__Your objective__:
Look through the data below and extract, unchanged, the lines from the one that contains "Die Ferienwohnung verfügt" to the one that contains "Remington Glätteisen [Testsieger]", both included.

__Records to process__:

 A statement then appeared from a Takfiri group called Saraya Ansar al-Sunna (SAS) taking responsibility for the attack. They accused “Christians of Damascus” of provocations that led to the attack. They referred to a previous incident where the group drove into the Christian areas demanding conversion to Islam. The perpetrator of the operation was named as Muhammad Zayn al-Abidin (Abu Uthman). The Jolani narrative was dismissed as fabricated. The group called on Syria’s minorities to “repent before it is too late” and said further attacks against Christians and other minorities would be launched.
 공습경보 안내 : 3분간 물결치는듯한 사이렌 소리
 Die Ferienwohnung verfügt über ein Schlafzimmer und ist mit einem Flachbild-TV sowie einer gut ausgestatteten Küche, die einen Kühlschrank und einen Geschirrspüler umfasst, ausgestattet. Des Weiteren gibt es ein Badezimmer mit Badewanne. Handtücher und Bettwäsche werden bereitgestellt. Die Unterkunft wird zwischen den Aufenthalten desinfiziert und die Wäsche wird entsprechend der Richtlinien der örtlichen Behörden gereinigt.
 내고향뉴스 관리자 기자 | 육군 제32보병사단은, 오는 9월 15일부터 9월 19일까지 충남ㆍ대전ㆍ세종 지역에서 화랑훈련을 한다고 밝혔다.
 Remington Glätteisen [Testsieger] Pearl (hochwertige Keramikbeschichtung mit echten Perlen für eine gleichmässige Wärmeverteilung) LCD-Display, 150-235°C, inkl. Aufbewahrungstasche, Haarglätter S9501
---
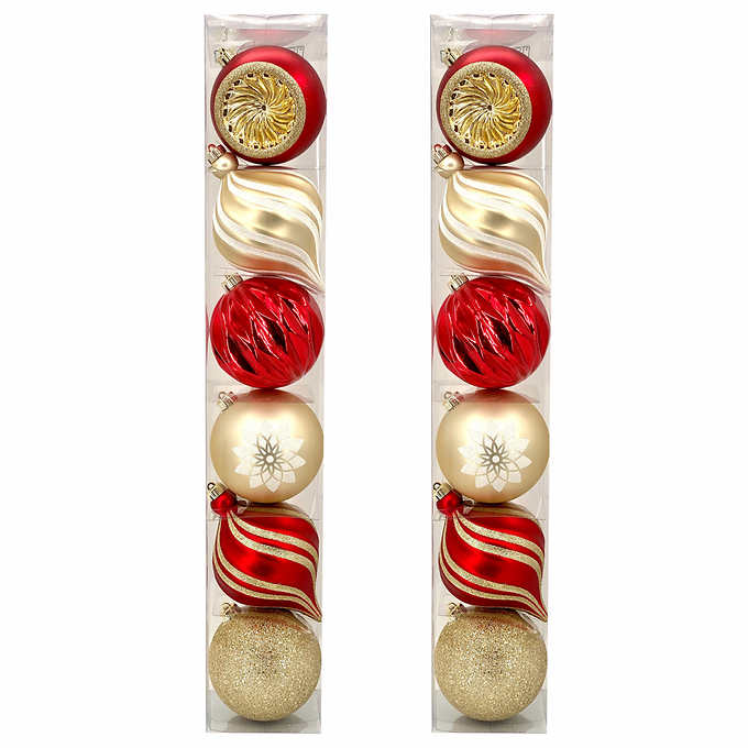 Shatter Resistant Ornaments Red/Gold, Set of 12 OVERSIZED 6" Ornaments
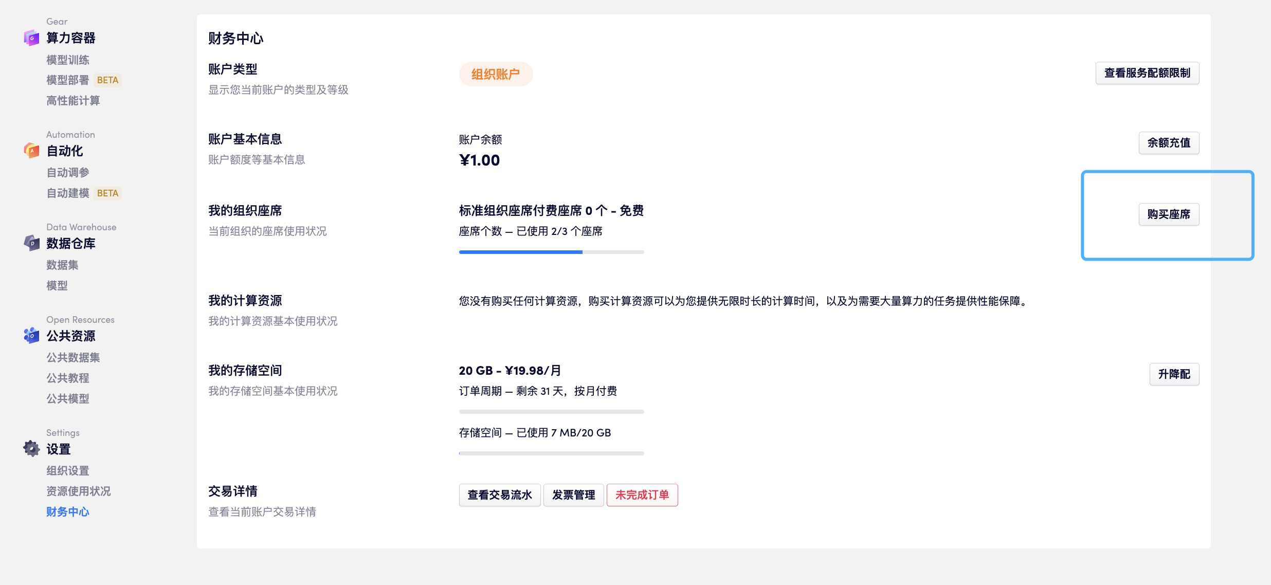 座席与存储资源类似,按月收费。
---
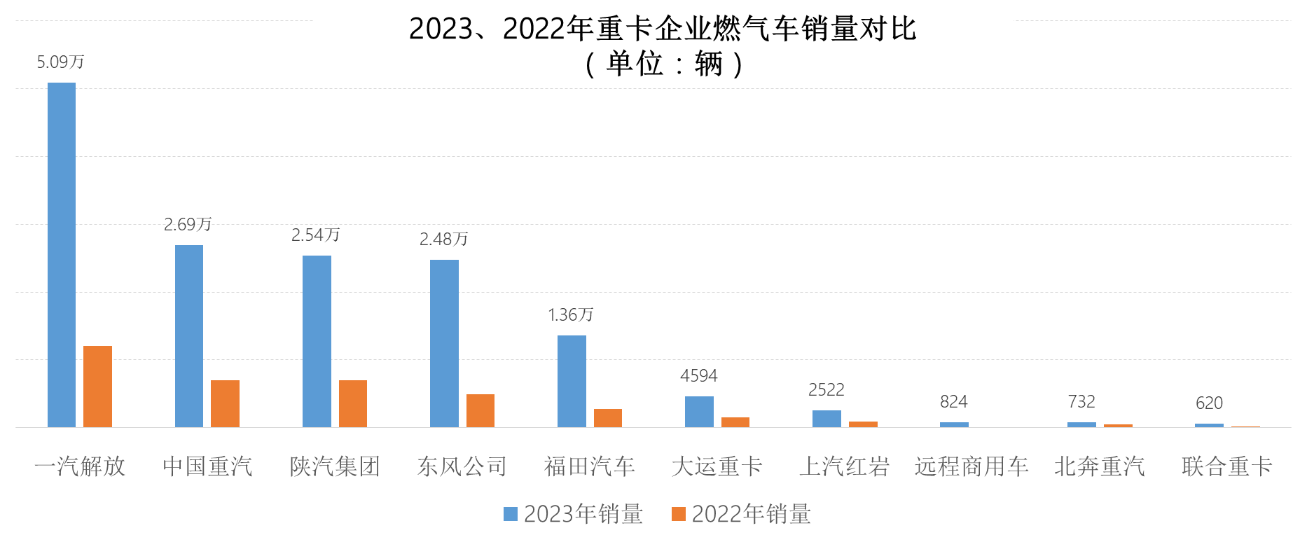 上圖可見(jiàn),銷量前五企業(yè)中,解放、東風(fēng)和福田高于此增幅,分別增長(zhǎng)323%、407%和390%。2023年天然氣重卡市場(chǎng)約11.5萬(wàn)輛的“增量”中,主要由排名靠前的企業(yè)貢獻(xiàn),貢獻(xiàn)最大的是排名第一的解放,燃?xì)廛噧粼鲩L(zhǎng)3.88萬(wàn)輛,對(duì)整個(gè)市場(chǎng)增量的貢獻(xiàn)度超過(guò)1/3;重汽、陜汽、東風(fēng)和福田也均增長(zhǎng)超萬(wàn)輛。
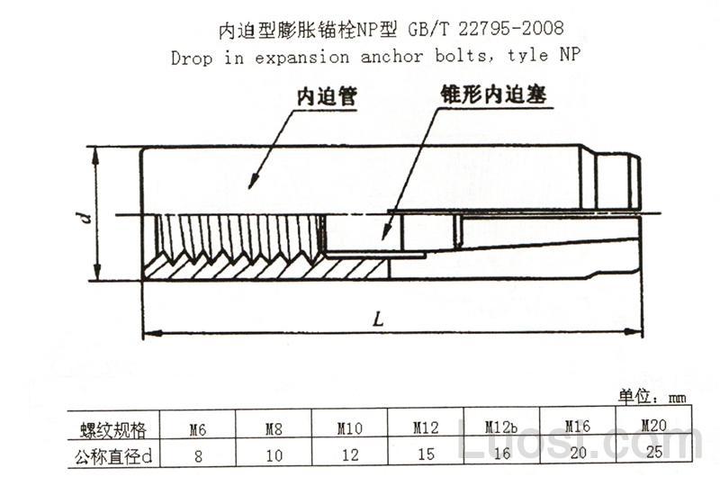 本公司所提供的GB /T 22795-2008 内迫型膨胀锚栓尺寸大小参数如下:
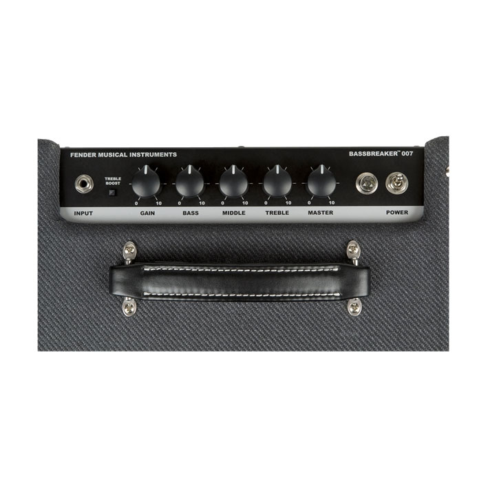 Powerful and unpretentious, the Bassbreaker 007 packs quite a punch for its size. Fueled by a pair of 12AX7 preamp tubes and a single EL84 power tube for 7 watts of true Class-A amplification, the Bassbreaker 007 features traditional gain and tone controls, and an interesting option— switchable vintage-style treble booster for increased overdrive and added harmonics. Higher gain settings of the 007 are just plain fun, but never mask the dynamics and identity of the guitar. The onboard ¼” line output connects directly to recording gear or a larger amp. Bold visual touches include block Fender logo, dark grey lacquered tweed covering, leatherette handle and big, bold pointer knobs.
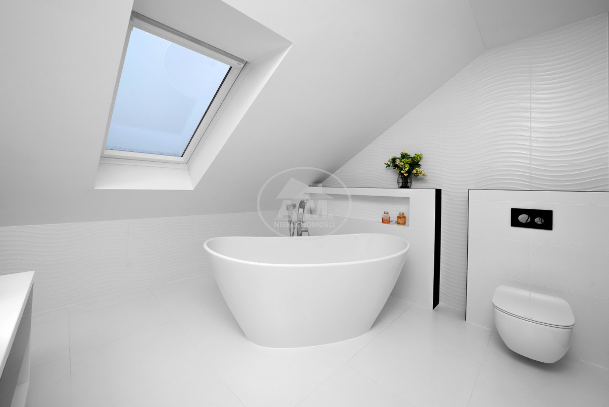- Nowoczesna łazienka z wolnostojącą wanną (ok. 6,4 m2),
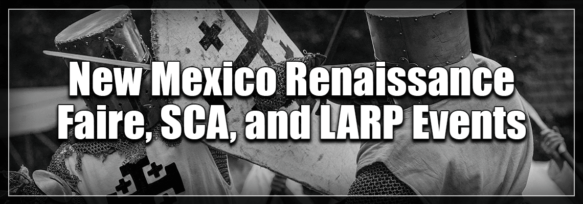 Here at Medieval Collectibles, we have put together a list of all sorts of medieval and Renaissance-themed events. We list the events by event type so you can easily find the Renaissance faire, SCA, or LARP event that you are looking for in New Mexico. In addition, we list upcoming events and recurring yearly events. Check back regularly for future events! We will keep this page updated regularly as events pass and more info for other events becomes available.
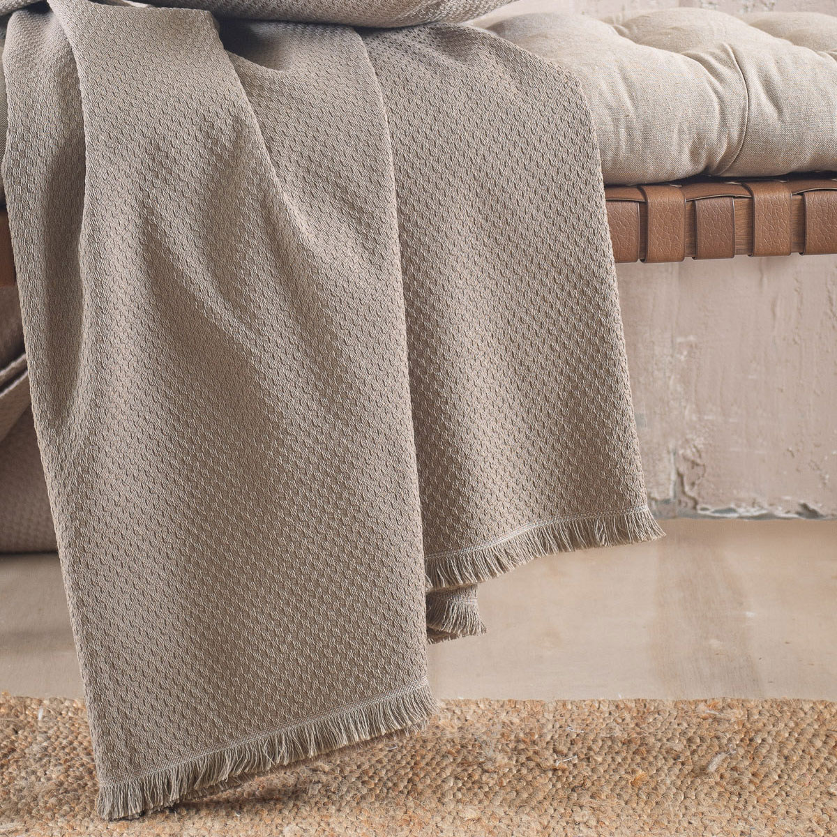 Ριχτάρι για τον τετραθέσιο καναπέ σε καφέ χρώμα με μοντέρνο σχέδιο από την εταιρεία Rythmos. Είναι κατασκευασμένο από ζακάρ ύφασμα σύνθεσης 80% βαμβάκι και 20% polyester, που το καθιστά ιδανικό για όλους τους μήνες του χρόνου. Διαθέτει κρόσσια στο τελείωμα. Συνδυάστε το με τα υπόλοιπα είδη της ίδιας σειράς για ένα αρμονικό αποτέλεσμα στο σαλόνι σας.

__Response below__:
 Die Ferienwohnung verfügt über ein Schlafzimmer und ist mit einem Flachbild-TV sowie einer gut ausgestatteten Küche, die einen Kühlschrank und einen Geschirrspüler umfasst, ausgestattet. Des Weiteren gibt es ein Badezimmer mit Badewanne. Handtücher und Bettwäsche werden bereitgestellt. Die Unterkunft wird zwischen den Aufenthalten desinfiziert und die Wäsche wird entsprechend der Richtlinien der örtlichen Behörden gereinigt.
 내고향뉴스 관리자 기자 | 육군 제32보병사단은, 오는 9월 15일부터 9월 19일까지 충남ㆍ대전ㆍ세종 지역에서 화랑훈련을 한다고 밝혔다.
 Remington Glätteisen [Testsieger] Pearl (hochwertige Keramikbeschichtung mit echten Perlen für eine gleichmässige Wärmeverteilung) LCD-Display, 150-235°C, inkl. Aufbewahrungstasche, Haarglätter S9501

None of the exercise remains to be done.